This is weird.  No other phototrophic microbes have both the energy-producing and the photosynthesizing photosystem in the same cell – two very similar but still divergent protein complexes – but instead only have one or the other.  It’s hard but not impossible to imagine horizontal gene transfer moving around that many dozens of genes in a coherent way.  One popular hypothesis surrounding the origin of oxygenic photosynthesis suggests that an ancestral photosynthesizing microbe actually had both the circular electron transport chain photosystem and the sulfur / iron / etc oxidizing photosystem which had been duplicated within its genome and diverged, and would switch between them depending on the environment and what it needed.  In this situation the lineage leading to the cyanobacteria chained them together, while in all other known lineages of phototrophic/photosynthetic bacteria one or the other photosystem would have been lost (loss being close to irreversible for such a big complicated system and likely to happen to something if it’s ever not needed by a lineage for a long enough while).  This hypothesis is, however, unconfirmed, and the details of the origin of oxygenic photosynthesis are not well understood other than that it appears to have come from a lineage that was capable of both using light for energy and using light to make biomass using hydrogen sulfide.  The question is still open as to how this happened.
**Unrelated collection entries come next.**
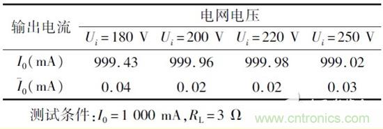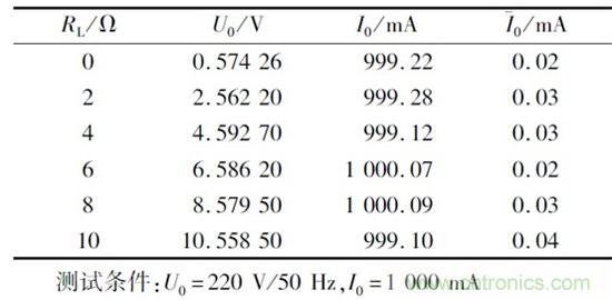 負(fù)載穩(wěn)定性測試條件為U0 =220 V/50 Hz,I0 =1000 mA,測試數(shù)據(jù)如表2 所示,其中負(fù)載穩(wěn)定度是指一定的工作情況下,負(fù)載變化引起的輸出電流變化。測試數(shù)據(jù)表明負(fù)載在0 ~10 贅變化時,輸出電流最大偏差為0. 99 mA,紋波電流小于0. 05 mA.
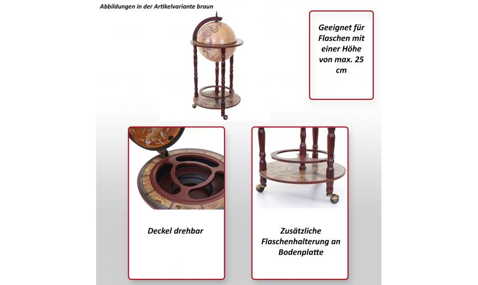- Questo elegante portaoggetti a sfera è ideale per riporre più bottiglie e bicchieri. La combinazione perfetta tra estetica e capienza: con i suoi bellissimi dipinti, questo mappamondo bar è una vera e propria attrazione.
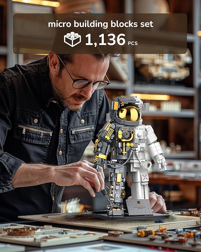 Kimiangel Astronaut Building Block Sets, Building Sets for Adults, Space Astronaut Building Block Set, 966 Pcs Astronaut Building Set for Adults
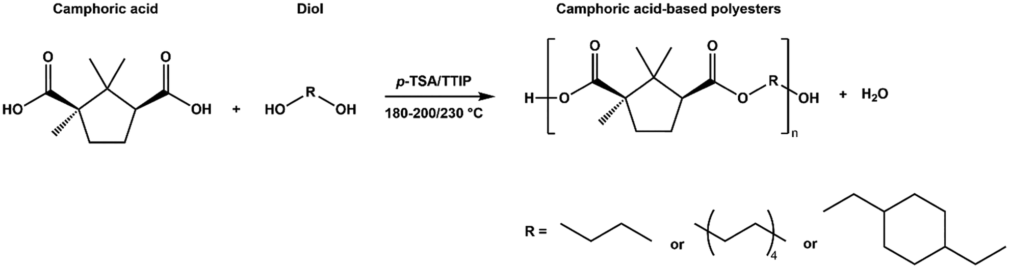 | Scheme 1 Bulk polymerization of camphoric acid and various diols using either p-TSA or TTIP as catalysts. | ||
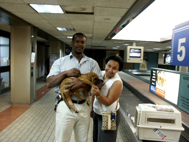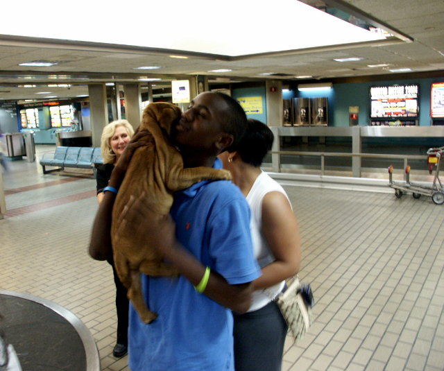 | "Here's my way-cool new daddy meeting me at New Orleans Intl. Airport. Even my new sissy, Monet came out to greet me...all the way from Texas!!! I am SO happy!" |
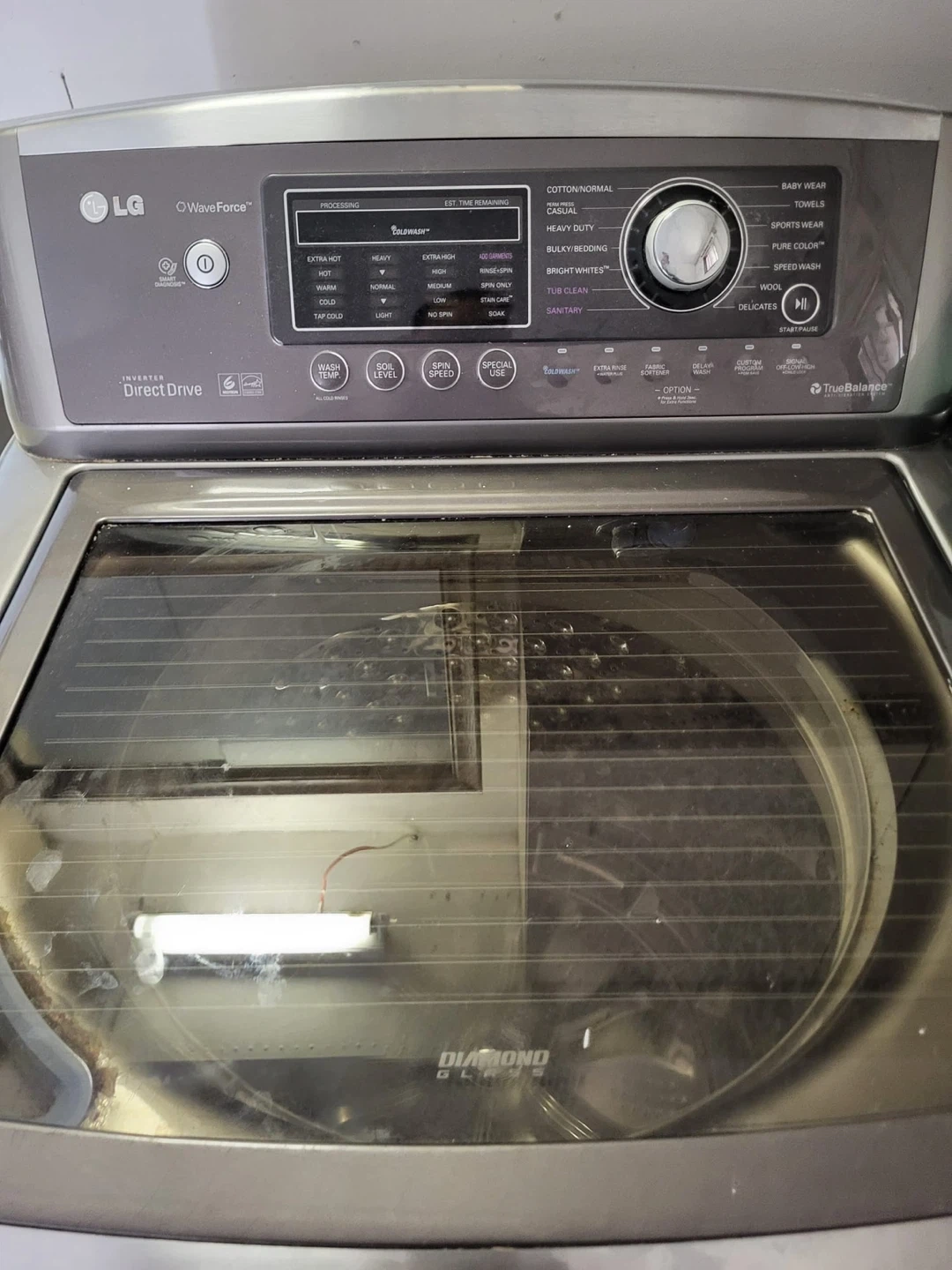 Selling a used LG WaveForce top load washing machine. It's in good working condition and ready for a new home. Perfect for families or anyone needing a reliable washer!

No one really knows the time at which oxygenic photosynthesis first appeared.  People like to point to the ‘great oxidation’ about 2.3 billion years ago, but that just represents the time at which the main geological sinks that sucked up biogenic oxygen filled up and oxygen became a measurable force in the atmosphere.  Volcanic or biogenic methane exhalations, as well as the oxidation of crustal minerals and the enormous pool of dissolved iron in the oceans would have kept the air completely anoxic for quite some time before the rate of production of oxygen could overwhelm the rate of it being sequestered away in sediments as oxides or turned back into CO2.  The slowing of Earth’s geology as the interior of the planet cooled down leading to less volcanism or changes in the mineral nutrients available to drive different forms of metabolism as a result of this could have been confounding factors, changing when this tipping point was reached.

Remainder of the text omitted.